▸ Exercise
Below are the entries; output exactly the lines from the one containing "There are so" through the final line, inclusive.

▸ Source records
▽

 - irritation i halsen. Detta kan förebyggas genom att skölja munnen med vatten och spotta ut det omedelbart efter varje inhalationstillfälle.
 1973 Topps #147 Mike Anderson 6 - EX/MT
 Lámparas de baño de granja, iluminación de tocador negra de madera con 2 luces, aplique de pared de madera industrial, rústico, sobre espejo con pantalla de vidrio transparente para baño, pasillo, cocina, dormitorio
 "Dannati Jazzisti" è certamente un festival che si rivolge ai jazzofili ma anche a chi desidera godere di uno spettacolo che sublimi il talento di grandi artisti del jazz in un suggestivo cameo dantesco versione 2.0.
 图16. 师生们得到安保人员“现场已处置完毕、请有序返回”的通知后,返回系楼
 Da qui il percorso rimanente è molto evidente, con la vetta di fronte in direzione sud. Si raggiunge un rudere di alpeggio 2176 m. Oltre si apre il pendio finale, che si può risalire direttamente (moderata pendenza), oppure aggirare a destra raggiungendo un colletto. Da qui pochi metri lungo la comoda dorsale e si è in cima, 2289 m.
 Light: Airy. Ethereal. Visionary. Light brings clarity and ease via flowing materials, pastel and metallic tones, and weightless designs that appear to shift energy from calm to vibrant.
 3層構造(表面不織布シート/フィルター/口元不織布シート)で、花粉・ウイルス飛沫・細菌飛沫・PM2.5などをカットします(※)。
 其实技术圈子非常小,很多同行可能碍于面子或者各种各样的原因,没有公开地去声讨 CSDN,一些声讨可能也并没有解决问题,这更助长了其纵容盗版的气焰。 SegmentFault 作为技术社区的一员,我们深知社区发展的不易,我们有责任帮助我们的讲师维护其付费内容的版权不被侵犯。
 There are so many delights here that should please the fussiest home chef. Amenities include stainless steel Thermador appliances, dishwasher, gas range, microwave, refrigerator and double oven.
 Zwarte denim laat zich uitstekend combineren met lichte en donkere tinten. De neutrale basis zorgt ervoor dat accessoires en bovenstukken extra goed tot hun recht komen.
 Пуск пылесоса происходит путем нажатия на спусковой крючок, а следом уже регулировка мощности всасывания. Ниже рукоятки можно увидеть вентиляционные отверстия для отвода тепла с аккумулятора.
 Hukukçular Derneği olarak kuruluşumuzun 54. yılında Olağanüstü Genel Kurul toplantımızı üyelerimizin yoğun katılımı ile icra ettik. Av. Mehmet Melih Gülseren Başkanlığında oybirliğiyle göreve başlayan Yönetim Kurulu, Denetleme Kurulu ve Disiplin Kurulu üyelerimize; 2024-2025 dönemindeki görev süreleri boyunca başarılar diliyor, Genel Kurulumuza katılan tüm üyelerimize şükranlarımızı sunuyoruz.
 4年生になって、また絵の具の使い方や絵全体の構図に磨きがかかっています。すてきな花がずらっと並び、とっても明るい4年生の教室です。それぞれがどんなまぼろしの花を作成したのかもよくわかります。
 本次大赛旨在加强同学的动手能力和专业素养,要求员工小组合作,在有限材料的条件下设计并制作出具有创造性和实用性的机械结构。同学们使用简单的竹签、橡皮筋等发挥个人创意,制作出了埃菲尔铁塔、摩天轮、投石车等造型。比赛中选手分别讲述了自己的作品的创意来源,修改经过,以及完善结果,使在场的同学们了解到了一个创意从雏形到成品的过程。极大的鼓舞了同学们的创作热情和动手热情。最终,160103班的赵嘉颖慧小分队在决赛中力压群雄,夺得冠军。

△

▸ Solved problem
 There are so many delights here that should please the fussiest home chef. Amenities include stainless steel Thermador appliances, dishwasher, gas range, microwave, refrigerator and double oven.
 Zwarte denim laat zich uitstekend combineren met lichte en donkere tinten. De neutrale basis zorgt ervoor dat accessoires en bovenstukken extra goed tot hun recht komen.
 Пуск пылесоса происходит путем нажатия на спусковой крючок, а следом уже регулировка мощности всасывания. Ниже рукоятки можно увидеть вентиляционные отверстия для отвода тепла с аккумулятора.
 Hukukçular Derneği olarak kuruluşumuzun 54. yılında Olağanüstü Genel Kurul toplantımızı üyelerimizin yoğun katılımı ile icra ettik. Av. Mehmet Melih Gülseren Başkanlığında oybirliğiyle göreve başlayan Yönetim Kurulu, Denetleme Kurulu ve Disiplin Kurulu üyelerimize; 2024-2025 dönemindeki görev süreleri boyunca başarılar diliyor, Genel Kurulumuza katılan tüm üyelerimize şükranlarımızı sunuyoruz.
 4年生になって、また絵の具の使い方や絵全体の構図に磨きがかかっています。すてきな花がずらっと並び、とっても明るい4年生の教室です。それぞれがどんなまぼろしの花を作成したのかもよくわかります。
 本次大赛旨在加强同学的动手能力和专业素养,要求员工小组合作,在有限材料的条件下设计并制作出具有创造性和实用性的机械结构。同学们使用简单的竹签、橡皮筋等发挥个人创意,制作出了埃菲尔铁塔、摩天轮、投石车等造型。比赛中选手分别讲述了自己的作品的创意来源,修改经过,以及完善结果,使在场的同学们了解到了一个创意从雏形到成品的过程。极大的鼓舞了同学们的创作热情和动手热情。最终,160103班的赵嘉颖慧小分队在决赛中力压群雄,夺得冠军。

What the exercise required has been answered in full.